Give those Rockstars a run for their money brother!

I am beyond excited about this tournament!

TIP: The organizers of this tournament are super nice people who welcome any and all questions you have about the tournament. I wouldn't hesitate at all to contact them with a question. Confirming anything you hear by visiting the website would also be a very good idea.

Good Luck Yall!!!!


----------



## Jumpjack (May 21, 2004)

Goodluck


----------



## jagarcia10 (Mar 10, 2011)

Looks like a pretty cool tournament. I'll be rep'n Team KeepItReel. Good luck fellas.


----------



## FishingFanatic96 (Jan 5, 2012)

Team Hardhead Mafia coming at yall! Should be a fun tournament!


----------



## jagarcia10 (Mar 10, 2011)

FishingFanatic96 said:


> Team Hardhead Mafia coming at yall! Should be a fun tournament!
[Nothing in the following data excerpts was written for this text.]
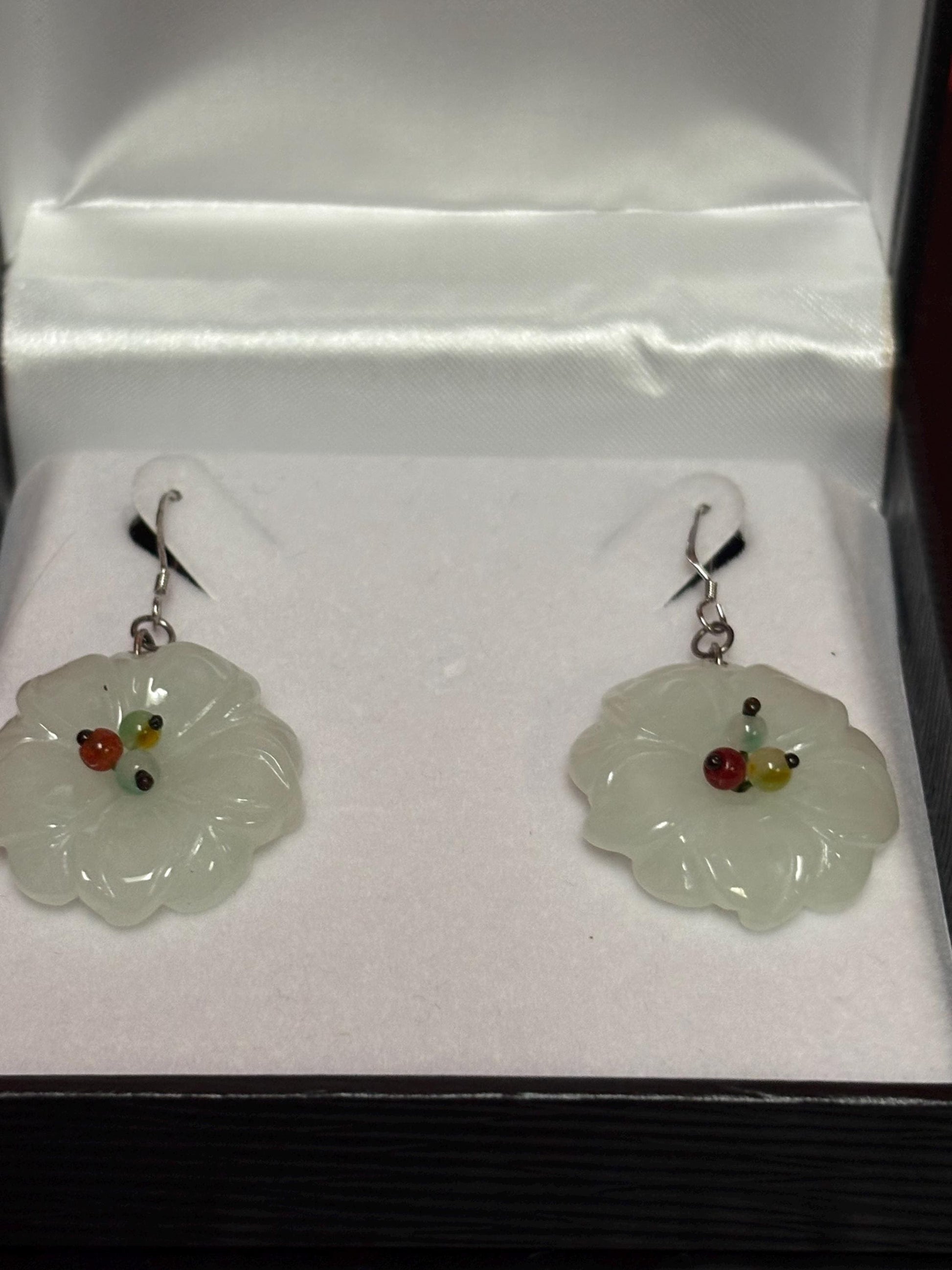 Stunning pair of Jade and silver earrings— Chinese beauties come in box — 2 inches long
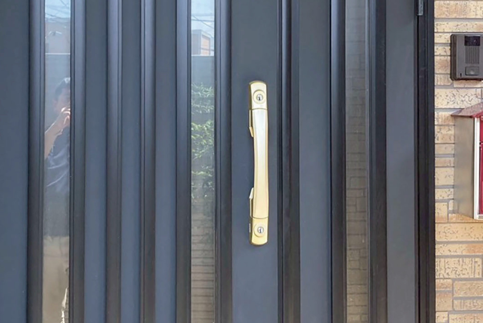 ご予算は、防犯断熱サッシに当てて、玄関ドアは把手と鍵を一新し、外観と使い勝手が改善できました。
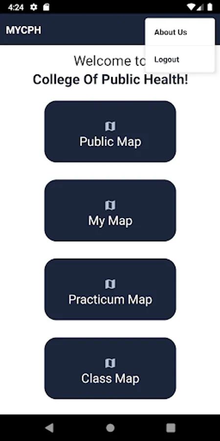 MyCPH is an app used to support belonging and community engagement at Kent State University's College of Public Health (CPH). There are three main types of users of the app. First, General CPH Members (e.g., faculty, staff, students, alumni, etc.) can create their own map of places where they engage in and outside of the CPH. Second, faculty can create ClassMaps for students to use in classes. ClassMaps help students record places of interest to share with their instructors (e.g., places on campus where public health is located). Finally, Intern and Practicum supervisors can use the app to help supervise students completing their undergraduate or graduate responsibilities towards graduation.

Looks like you guys are on the board already. Nice.


----------



## FishingFanatic96 (Jan 5, 2012)

WHAT said:


> Looks like you guys are on the board already. Nice.


We should be, we caught 4 sharks last weekend. Where are you seeing the board cause the standing on the website are not showing up on my computer?


----------



## jagarcia10 (Mar 10, 2011)

FishingFanatic96 said:


> We should be, we caught 4 sharks last weekend. Where are you seeing the board cause the standing on the website are not showing up on my computer?


Cody posted yall's catches on Corpus Fishing. I didnt see it on the actual site.


----------



## DROOPYVERMIN (Aug 26, 2013)

We signed up we are big boy shark hunters. Now time to go fishing!!!


----------



## waltmeda (Jul 9, 2013)

Just Bitten Shark Fishing Team is in!!!! Like normal, we're already behind.


----------